I am new to using regex.
I have a string in the form
Waco, Texas
Unit Dose 13 and
SECTION 011100 SUMMARY OF WORK
INDEX PAGE
PART 1. - GENERAL 1
1.1. RELATED DOCUMENTS 1
1.2. PROJECT DESCRIPTION 1
1.3. OWNER 1
1.4. ARCHITECT/ENGINEER 2
1.5. PURCHASE CONTRACTS 2
1.6. OWNER-FURNISHED ITEMS 2
1.7. CONTRACTOR-FURNISHED ITEMS 3
1.8. CONTRACTOR USE OF PREMISES 3
1.9. OWNER OCCUPANCY 3
1.10. WORK RESTRICTIONS 4
PART 2. - PRODUCTS - NOT APPLICABLE 4
PART 3. - EXECUTION - NOT APPLICABLE 4
I apologize for the extra white space, but this is the form of the word document I parsed to obtain the string.
I need to capture all of the heading between PART 1 PART 2 and PART 3 and store them in a different list. So far I have
matchedtext = re.findall('(?<=PART) (.*?) (?=PART)', text, re.DOTALL)
If I understand correctly, these look arounds should use PART as a sort of base point and grab the text in between.
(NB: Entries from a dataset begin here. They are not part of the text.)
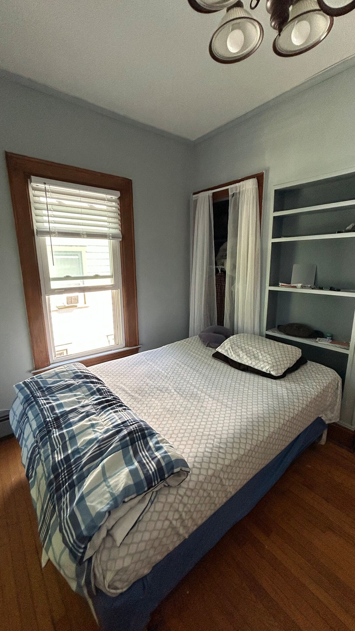 The Mabel Room is a mid-sized, private bedroom within a spacious, first-floor apartment. The apartment is in an Italianate 1910 duplex built by the Ebeling family on historic Prospect Hill. The private room has a comfortable twin bed with two storage drawers underneath, a closet, nightstand, window, and 6-drawer dresser.
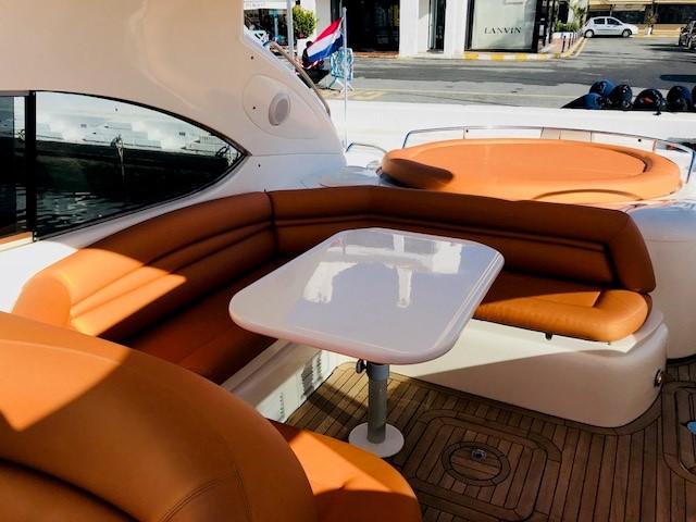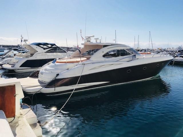 Built in 2000 and completely refitted in 2017, this Sunseeker Predator 60 is in excellent condition. The spacious bow, with a solarium padding, has room for all 12 guests, making this boat ideal for large groups. The Predator 60 has a master cabin with a king size bed and 2 guest cabins, accommodating 4 people. The upper deck has a convertible hard top. A good-sized garage allows for the storage of a tender or water toys. Perfect boat to enjoy an incredible day at sea.
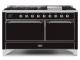 60" ILVE Majestic II Dual Fuel Liquid Propane Freestanding Range with Chrome Trim in Glossy Black - UM15FDQNS3/BKC LP
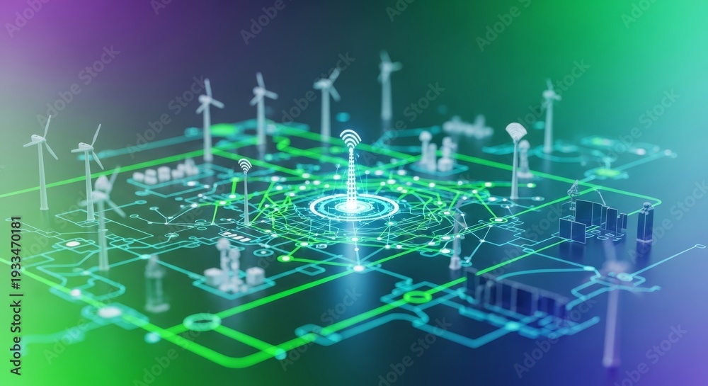 A complex digital network overlaying futuristic green energy systems, showcasing AI optimizing sustainable urban development and resource management, energy, automation, tech #1933470181

However, matchedtext does not fill with anything when I run the code.
The second part of my problem is once I have the text in between the different occurrences of PART how can I save just the capitalized headings in a list with a string for each heading. Some of my strings from the word documents contain lowercase words, but I just want the words that are all in caps.
So to summarize how can I grab the text between specific words in a string and once I have them how can I save the words as individual strings in a list.
Thanks for the help! :D